23 people The evening promised to be among the best of the year, with clear skies during the day. Strong winds were blowing, but had subsided from the powerful gusts from the night before.

This was the first night that we've been open for viewing since the repair of the telescope and a successful but brief test run on Monday night. I did not do the 2-star alignment tonight, but relied on the scope's parking ability to hold an alignment. It worked only moderately well, but it's only ever worked moderately well in the past, so it must be fixed. It tracked well, which was an enormous relief from having to re-center something (Mars) every 60-90 seconds as it drifted from view.

When we opened up, Ernie was waiting with his newest gizmo, a webcam set on a Barlow lens. He's gotten some good shots of Mars through his 6" reflector and was hoping for some time on the 16". There was no one else so we dove into it, only to find we needed a Windows disk before we could use the USB ports on the machine. Ernie decided to make the trip home to get it, and so missed by 3 minutes the arrival of Den 6.

The dome was immediately filled with the eager Scouts and their leaders and we took in some old favorites first: M2 and M15, the great globulars. Then we went to M57, a surprised "whoa!" or two.

Mars was next, and though its diameter is half of what it was only a few months ago, we could still see Syrtis Major and the southern polar ice cap.

By this time clouds were starting to make their way into the sky quickly, driven by the strong winds aloft. The cold and clouds caught up with Den 6, and they were on their way, and Ernie and I dealt with the computer off and on between visitors.

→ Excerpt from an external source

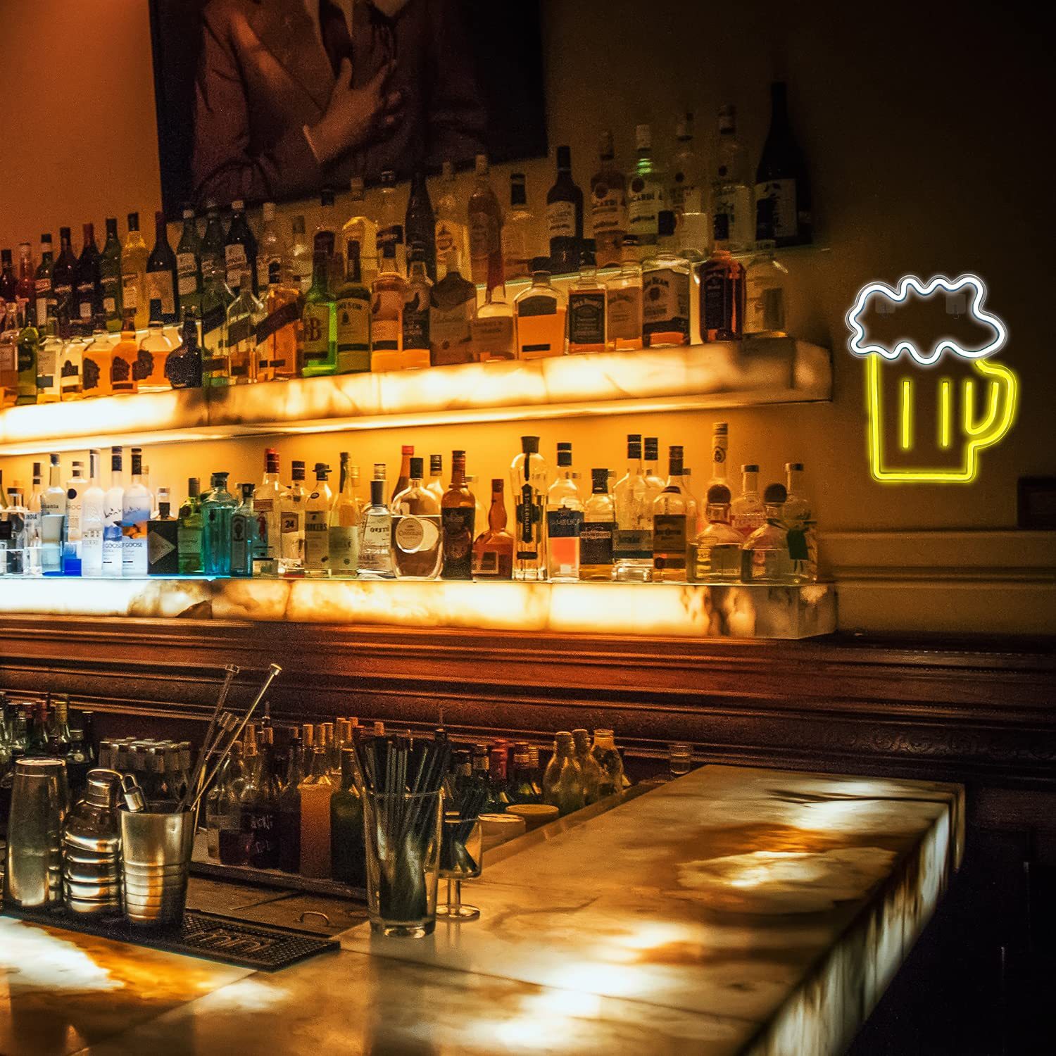 - Soft neon-like lighting

By the time we had everything in place, Mars was playing hide and seek with us, which was frustrating given how accurately the target has to be centered on the tiny camera chip.

We gave up on Mars and turned to the Moon, something we couldn't possibly miss in the camera! We made some progress, but had a very difficult time obtaining focus. The arrival of our next guests had us back in visual mode, and we caught our first glimpses of the year of two old favorites, Saturn and the Orion Nebula. The clouds scudded in until we were almost completely covered, sending our friends back home. Ernie and I dithered a while longer hoping for the clouds to break, or at least stop thickening, but the call of a warm bowl of soup back home had me closing things up at about 11:15.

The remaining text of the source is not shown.